* [What to work on]
Please produce an exact copy of only the lines from the one with "Whether you want" through the last one of the material, without pictures.

** Data section follows **

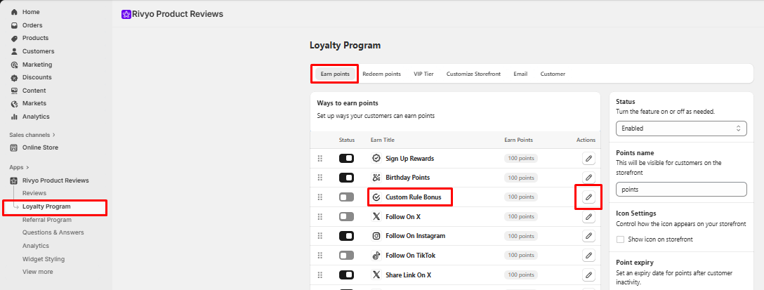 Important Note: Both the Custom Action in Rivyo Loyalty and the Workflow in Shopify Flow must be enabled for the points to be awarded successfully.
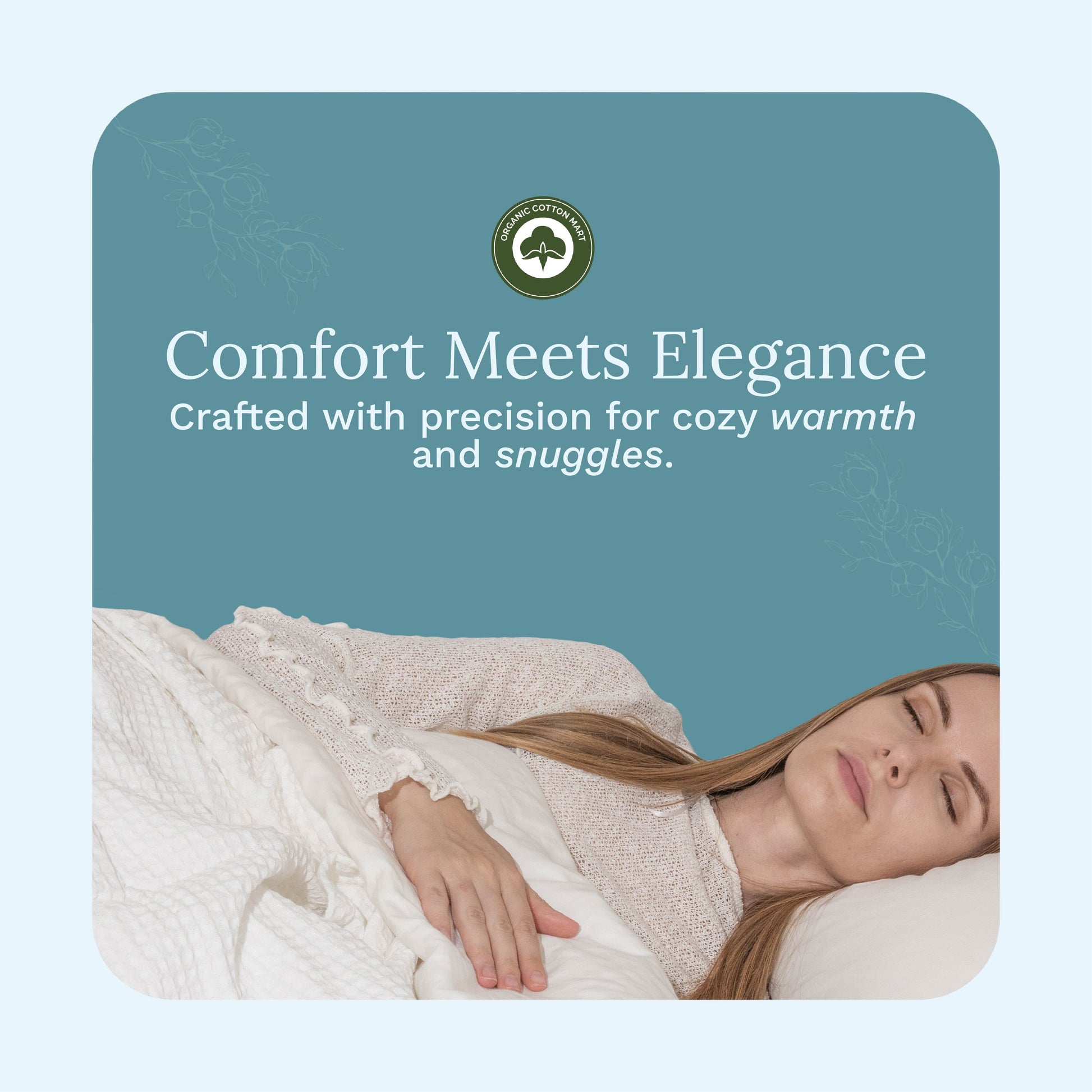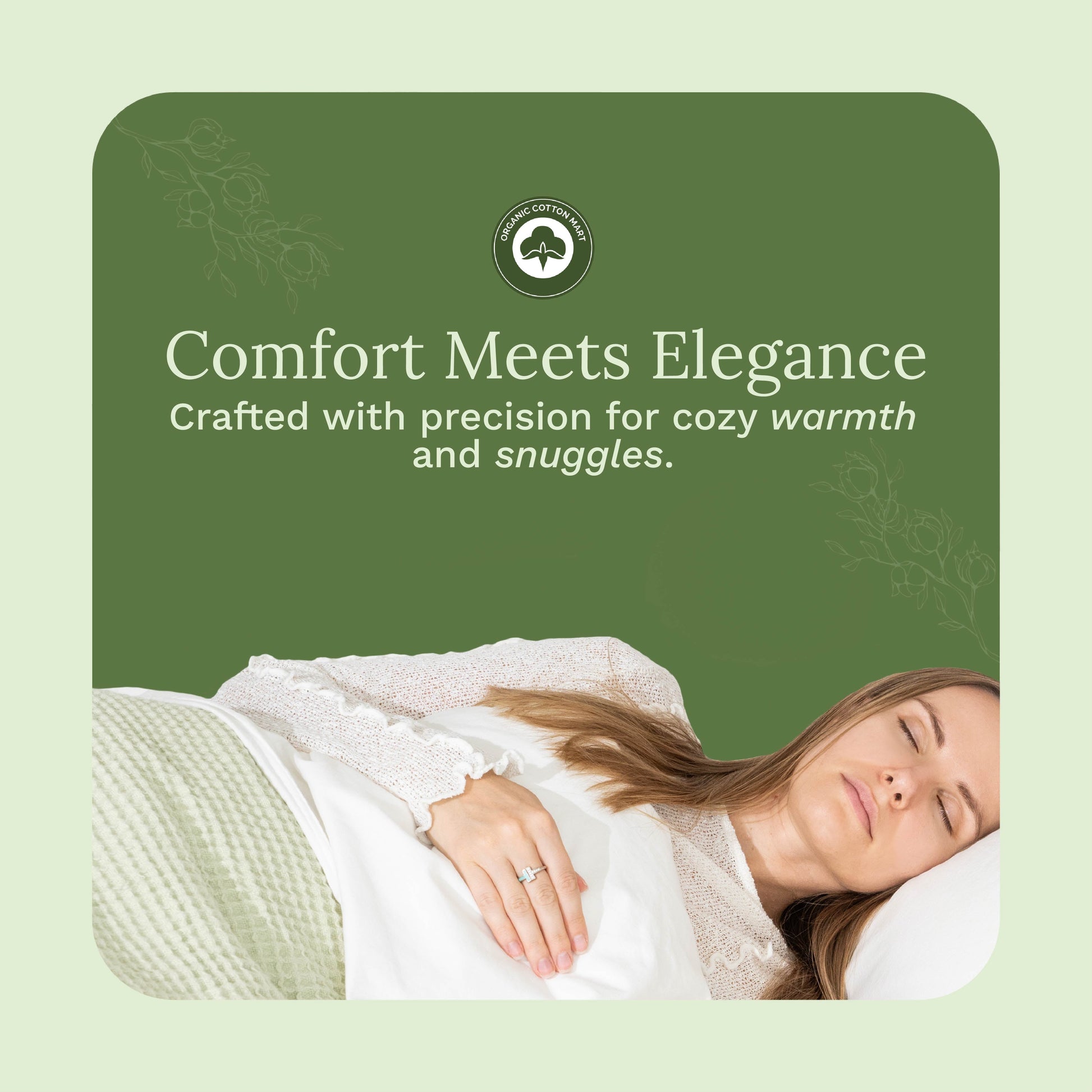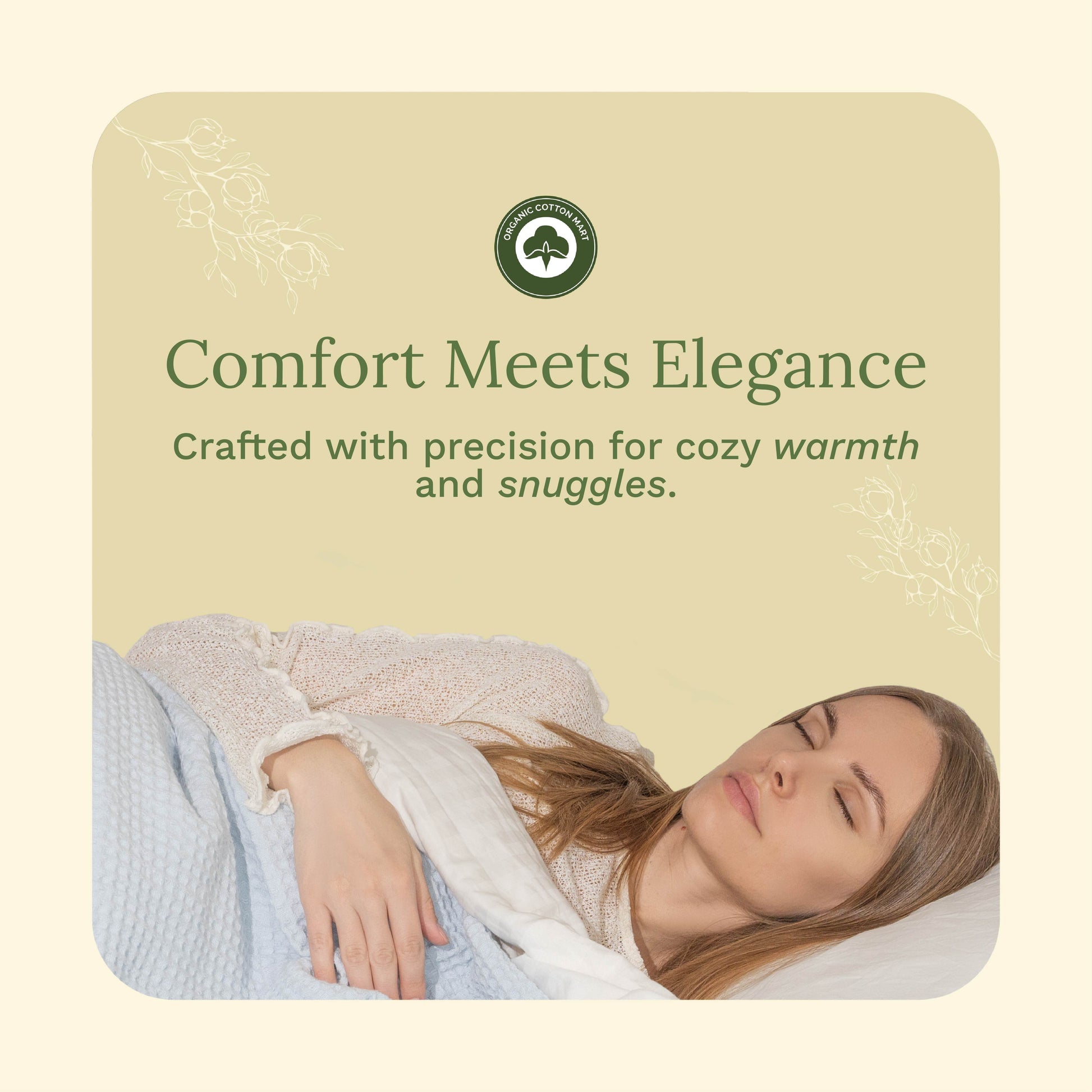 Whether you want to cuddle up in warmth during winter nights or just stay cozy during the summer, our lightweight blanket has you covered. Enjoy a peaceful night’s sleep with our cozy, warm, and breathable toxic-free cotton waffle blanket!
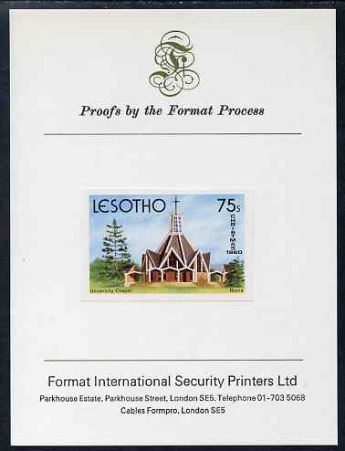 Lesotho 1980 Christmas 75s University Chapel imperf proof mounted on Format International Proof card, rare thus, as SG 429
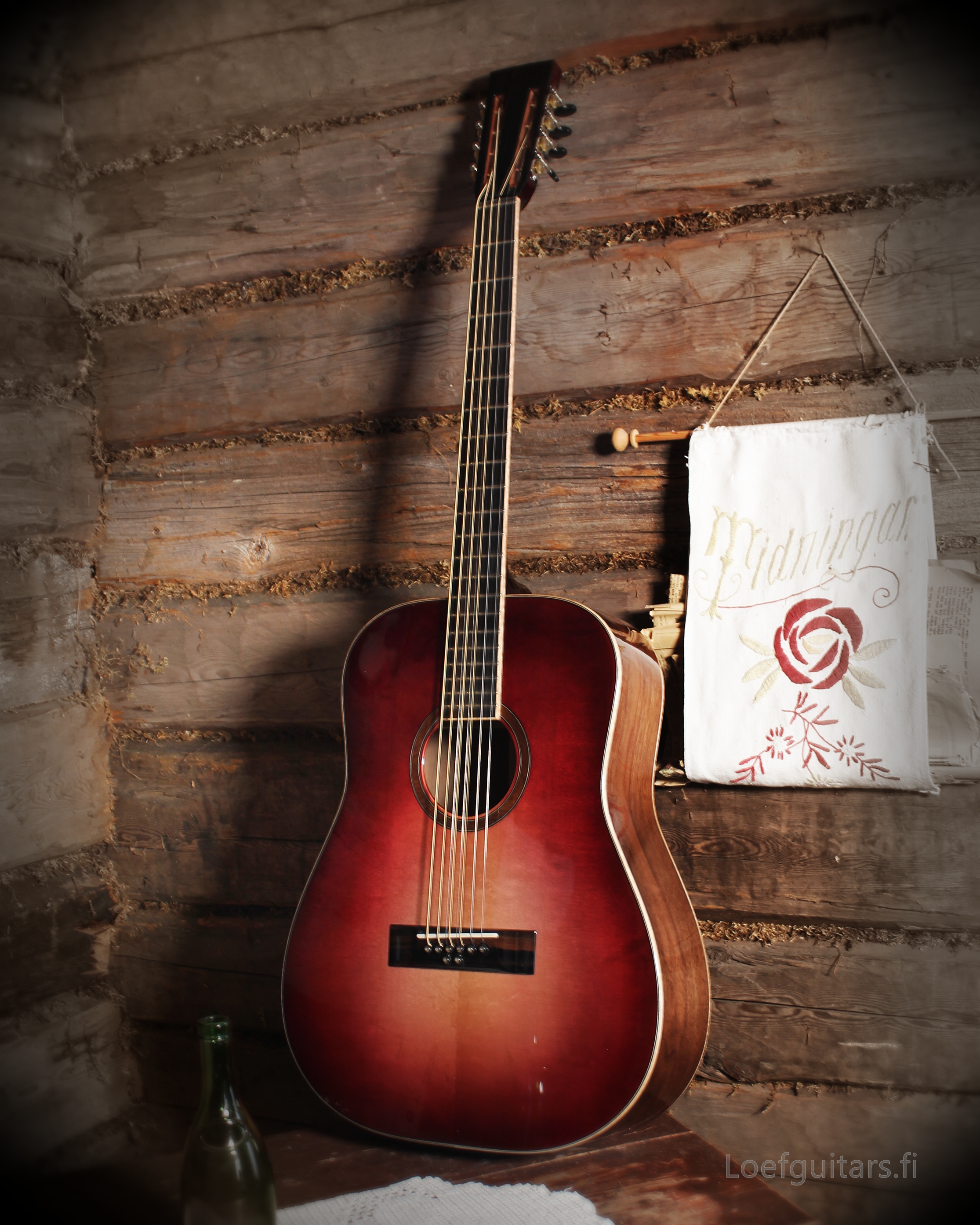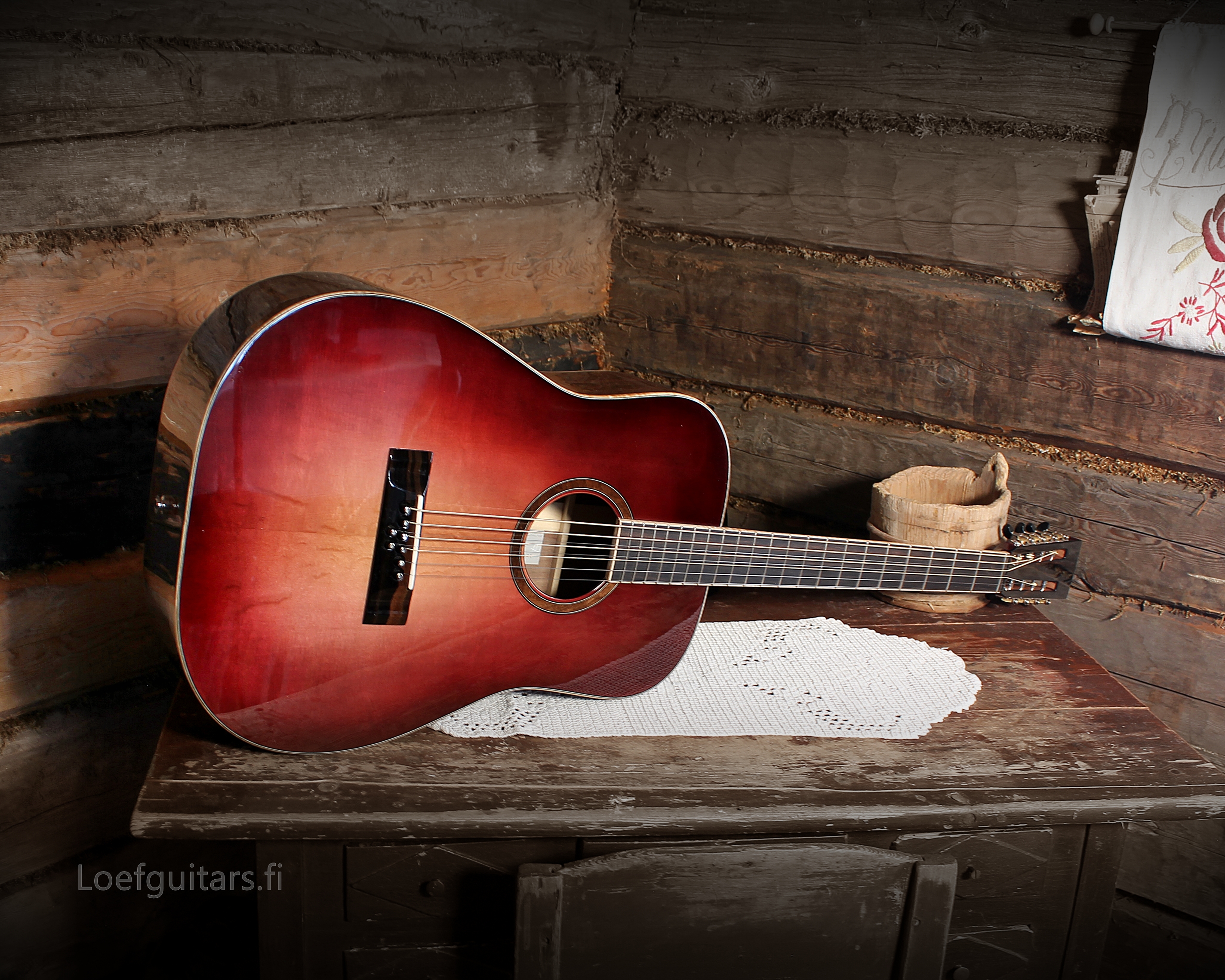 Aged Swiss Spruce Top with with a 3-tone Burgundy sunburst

** End of Data section **

* [Answer box]
 Whether you want to cuddle up in warmth during winter nights or just stay cozy during the summer, our lightweight blanket has you covered. Enjoy a peaceful night’s sleep with our cozy, warm, and breathable toxic-free cotton waffle blanket!
 Lesotho 1980 Christmas 75s University Chapel imperf proof mounted on Format International Proof card, rare thus, as SG 429
 Aged Swiss Spruce Top with with a 3-tone Burgundy sunburst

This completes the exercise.